Arriva in Italia la traduzione di un libro che farà discutere

di Redazione

La morte moderna è una morte volontaria e democratica. I cui contorni sono segnati da un simposio a cui partecipano quattro grandi esperti: il direttore del dipartimento degli Affari sociali del governo svedese Bert Persson e i suoi tre ospiti: Caspar Storm dell’Istituto di bioetica, Aksel Roenning, storico e scrittore, e il teologo Seth Carnemo. Tutti invitati al centro congressi sullo stretto di Oeresund per trovare una soluzione alla “fase terminale della vita umana”.

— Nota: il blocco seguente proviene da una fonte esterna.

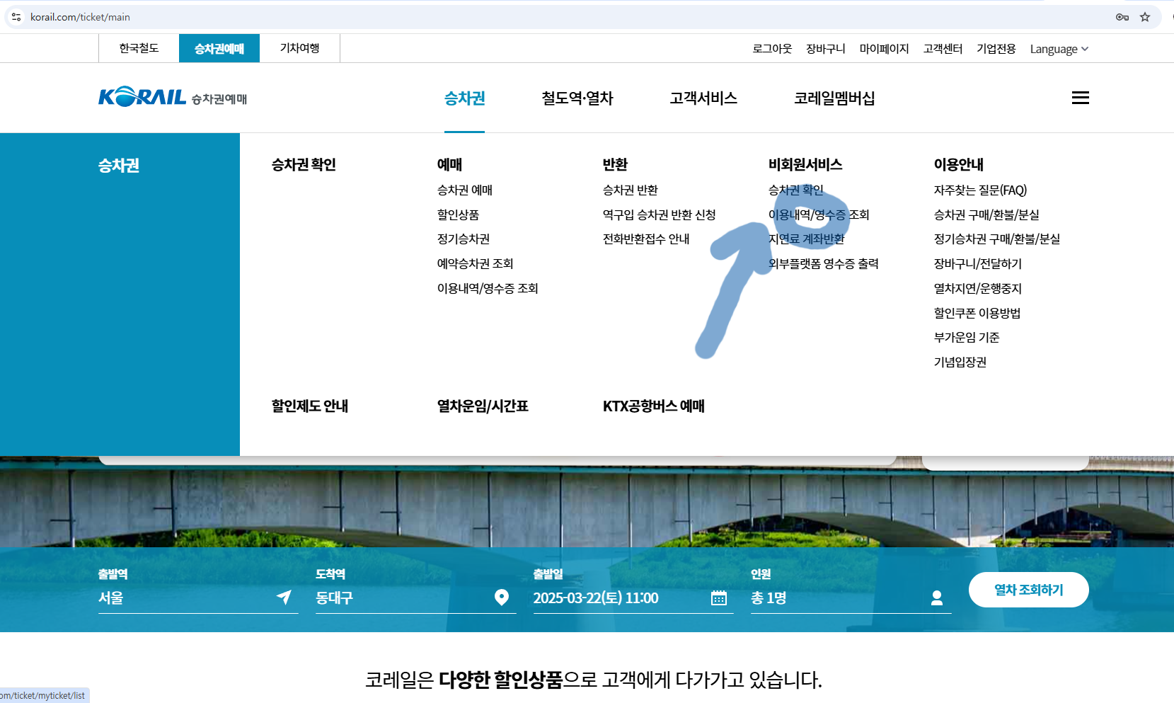 (2) 승차권>비회원서비스>이용내역/영수증 조회를 선택합니다.

È questo l’escamotage che lo scrittore svedese Carl-Henning Wijkmark utilizza per mettere in scena un’amara operetta morale datata 1978, che oggi Iperborea con Carmen Giorgetti Cima traduce in italiano. «La morte moderna», scrive Claudio Magris nella postfazione, «trascende il tema della vecchiaia improduttiva e inutile in un tema più ampio e più atrocemente contemporaneo, il pervertimento dell’ideologia della qualità della vita. In nome di quest’ultima considerata condizione essenziale per vivere, anziché cercare di darla a chi ne è privo, si sopprime quest’ultimo, eliminando così insieme il dolore e chi lo prova». Il ragionamento fila. Dice Persson: «Uno svedese su quattro è in pensione di anzianità, e uno su otto in età produttiva è in pensionamento anticipato. Il 75% dei costi della sanità va alla cura di malati cronici o senza speranza? In quel 25% di soggetti produttivi su cui grava il peso di tutto il sistema serpeggia uno scontento più o meno accentuato». Dove cercare la soluzione? Dai politici ci si può aspettare ben poco poiché «gli anziani conservano ancora il diritto di voto anche se hanno cent’anni e nessun partito può permettersi di perdere due milioni di elettori». Poi c’è il tabù «che si chiama rispetto della vita umana», di cui i medici soffrono in grande parte. L’unica strada percorribile, malgrado le resistenze di Roenning, sarà, in nome della convenienza economica della collettività, spingere «il singolo a chiedere di poter farla finita, magari come ultimo atto di autonomia». Un approdo clamoroso e ripugnante, che però per Magris rivela «nella moderna società di massa e nella crescente globalizzazione, una oggettiva impossibilità di dare a tutti ciò che loro spetta». Al di là di come la si pensi su testamento biologico e dintorni.